In his recent Q2 2021 Earnings Call, Rich Pzena discussed the current climate for value investors saying, “Almost no one believes value will work until it already has”. Here’s an excerpt from the call:
Pzena: I’ve been a value investor my entire life.
Someone asked me recently, how I came to believe in value and I explained that it really all happened at my parent’s kitchen table. Price matters. My mom and dad would remind me, but still the question gets asked, how does the value of an asset get determined? I think the answer is pretty straightforward. It’s the earnings you can expect to be generated by the asset compared to the price you pick.
On the one hand this simple homespun version of value investing can cause a person to believe that value is just a factor, but wait. The factor in this case depends on the earnings power of the asset and that is where real research and real judgment come into play.
That’s why I keep repeating on these calls and in most of my meetings with clients and consultants that value isn’t a factor. Value is a philosophy. One other point I’d like to emphasize, value investing wins in the long run. We don’t get to win every month, every quarter, every year or even every five years, but serious research-driven classic value investing as we practice the art is a strategy that generates attractive long-term returns.
This past quarter as growth start investing seems to have regained favor has people asking whether the prior two quarters were the end of a very short value rally?

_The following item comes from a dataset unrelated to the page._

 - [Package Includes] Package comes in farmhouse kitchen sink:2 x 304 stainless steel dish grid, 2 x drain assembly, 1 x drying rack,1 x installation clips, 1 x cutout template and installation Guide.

As economic growth reached a crescendo this spring from the combined impact of recovery and stimulus, the value skeptics reemerged.

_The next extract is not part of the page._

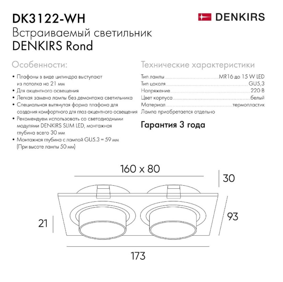 Встраиваемый светильник Denkirs Rond DK3122-WH

This is how it always feels as a value investor. Almost no one believes value will work until it already has, but let me offer some perspective on the opportunities that we are presented with today.
Companies with attractive earnings growth rates selling at low multiples very clean balance sheets, managements that adeptly navigated the challenges of COVID19 and a cynical marketplace ignoring the shifting cycle.

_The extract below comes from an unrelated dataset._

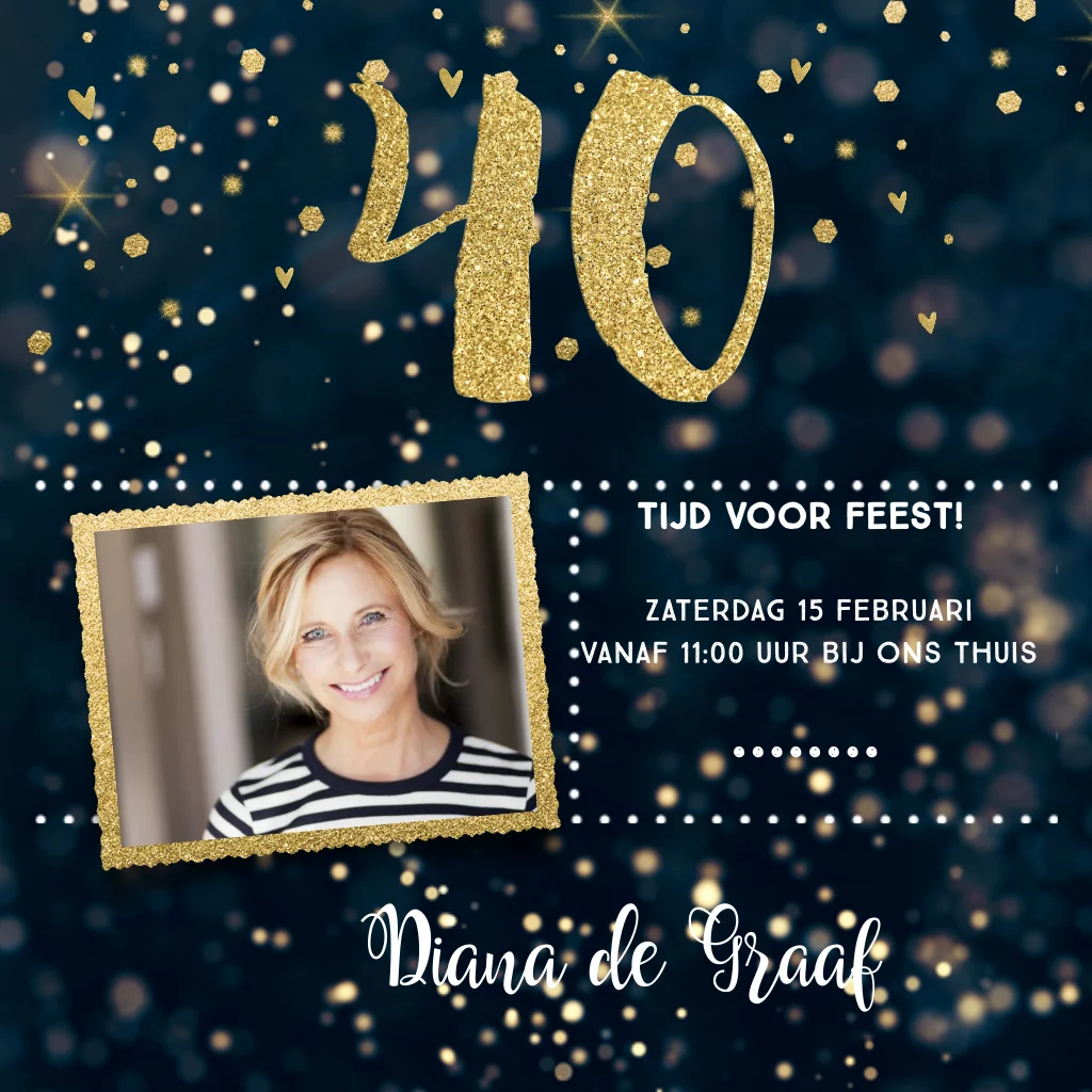 Uitnodiging 40e verjaardag met goudkleurige details en confetti. (6442) Wil je een ander jaartal in dezelfde stijl op de kaart? Kijk bij afbeeldingen > cijfers of neem contact met ons mee. We zetten dit gratis voor je om.

Further, our value portfolios are finding diverse exposure including selected utilities and healthcare names, areas where value has been scarce for a while. Last but not least, the cheapest quintile of stocks offer an earnings yield of 10% on a current basis based on First Call estimates.
While the most expensive stocks offer less than a 2% yield and the 10-year offers just above 1%. The arithmetic on this difference is compelling enough to make my entire point.